That was the topic of an interesting meeting in 2019 at the Konrad Lorenz Institute near Vienna. The resulting book, “The Convergent Evolution of Agriculture in Humans in Insects” is now available, open access:
https://direct.mit.edu/books/oa-edited-volume/5272/The-Convergent-Evolution-of-Agriculture-in-Humans
In my book, Darwinian Agriculture, I argued that even though fungus-growing ants rely on an extreme version of monoculture, use toxins to kill “weeds”, and eat high on the food chain, that doesn’t necessarily mean that humans should follow those same practices. Although they’ve shown that those practices can be sustainable — at least for 50 million years! — there might be alternatives that are equally sustainable long-term but more stable or productive over shorter time periods.
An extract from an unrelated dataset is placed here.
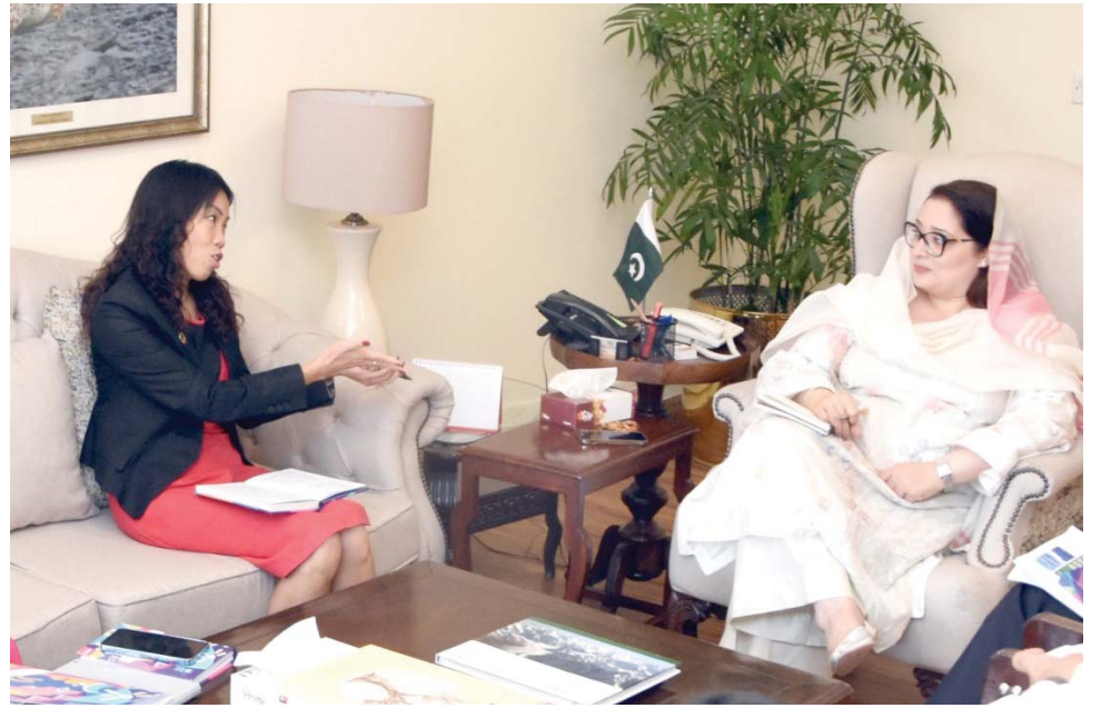
monthly progress review meeting about these projects adding that this government under the leadership of PM was committed to make the country climate resilient.

My chapter in the ant-agriculture book casts doubt on the claim that ants (or, by analogy, crop roots) can effectively impose selection for more-beneficial “microbial consortia.” Legume-imposed selection among root nodules can favor rhizobia strains that provide more nitrogen, so long as most nodules are dominated by a single strain of rhizobia. But each small volume of soil or ant garden will contain so many different genotypes of each potentially-beneficial species (including “free-rider” mutants that save the cost of providing beneficial functions) that among-volume selection for mutualism is likely to be overwhelmed by within-volume selection for free riding. I hope I’m wrong, of course.